For my next installment of Proms & Potties, I’ve been thinking about advice I want to give my kids (Jakester, 19 & LilyBelle, 5). My thoughts today really stem from two songs that are popular right now: Firework by Katy Perry and Perfect by Pink. Maybe it’s because I’m on medical leave and have nothing to occupy my mind except for THINKING NONSTOP, and it’s driving me nuts. Or maybe it’s because the Jakester is at such a frustrating turning point in his life, trying to figure out what he wants to be when he grows up, and the endless search for a college major. Or maybe because the LilyBelle is writing and drawing and being so creative, and I know that school will “socialize” it out of her — I want her to remember all this creativity, so maybe she can keep it.

Whatever the reason, I have things to tell them. I don’t want them to think badly about themselves. I want them to believe in their smarts and abilities and values that the Kevman and I have tried to instill in them. I mean, I know there will be times when they question if they made the right decision or if they can really get through tough times. But if they have something to fall back on– a mixtape that floats in their heads — then that helps. When I was growing up, I wasn’t allowed to listen to popular/rock music because of my parents’ religious beliefs at the time. I could only listen to Christian music — and while there is NOTHING wrong with that, I feel like if I hadn’t had that soundtrack, I would not have made it through my childhood. While this may sound like hyperbole, it’s my belief, and I find myself “singing” those same songs when I’m going through something rough. Every time I give my students the assignment to create a soundtrack of their life, I try to make a new list, too, but I always put some of the same songs on mine. Here’s one of the songs that I’ve had playing in my head since I was little:

I adore soundtracks — they usually get to the heart and soul of whatever it is you’re thinking about. I always check out author’s book soundtracks and movie soundtracks just to get a sense of what the “text” is about (by the way, the soundtrack for The Hunger Games looks AMAZING!!!!). I know I’m totally weird — some people have Bible verses that they lean on during tough times. I use music! I know — too weird!

The thought occurred to me to embed YouTube videos of my soundtrack so whoever read my blog could hear the song/read the lyrics; however, my list became 13 songs (pared down from 22!!), and I thought that was too cumbersome for a blog post. The songs are at the bottom if you want to play them.

13 Pieces of Advice for My Munchkins

1. Firework — by Katy Perry: Be confident in yourself    (I’m adding a video for this song after I found it last year and used it in class)

2. Perfect — by Pink: Talk positively about yourself even if you mess up or make a bad decision. No one is perfect!

3. It’s My Life  — by BonJovi: Trust yourself to make your own way.

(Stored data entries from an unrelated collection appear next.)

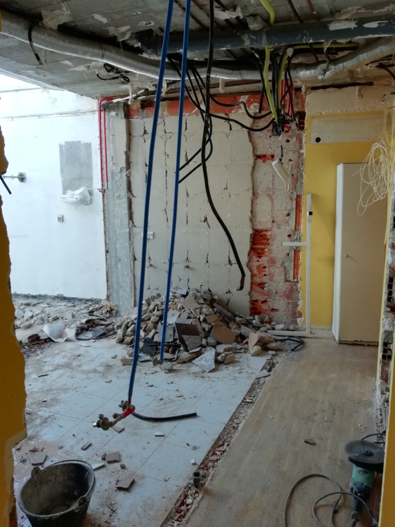 Para finalizar, hablamos un poco de la iluminación. En este caso se ha decidido colocar todo el sistema de focos empotrados en techo con un diseño muy estético y limpio. Y utilizamos tira de led indirecta para zona de muebles de cocina.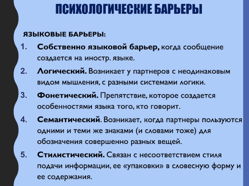 Слайд 50ПСИХОЛОГИЧЕСКИЕ БАРЬЕРЫ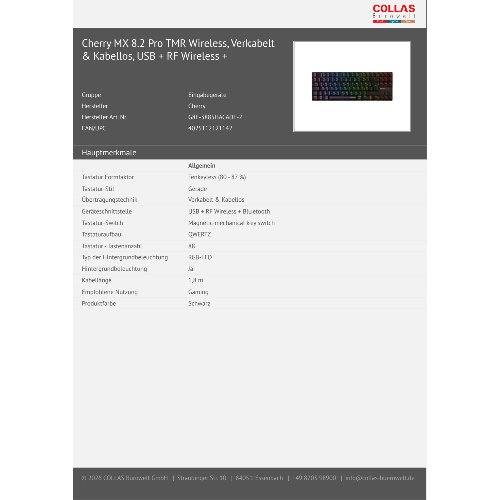 Jetzt anmeldenProduktinformationen "Cherry XTRFY MX 8.2 Pro TMR Wireless G8E-3885"

4. I Don’t Wanna Be — by Gavin Degraw: You don’t have to change to please anyone except yourself (okay, well, and maybe your mom! haha)

5. Set Fire to the Rain — by Adele: Stand up for yourself, and be brave enough to let stuff go.

6. Time of Your Life — by Greenday: Have fun in life, and hold on to those memories when you’re going through rough times.

7. Mean — by Taylor Swift & Loser Like Me — by the Glee Cast:  You’re going to come out on top when you stay true to yourself.

8. Keep on the Sunny Side — by The Carter Family: Think positively!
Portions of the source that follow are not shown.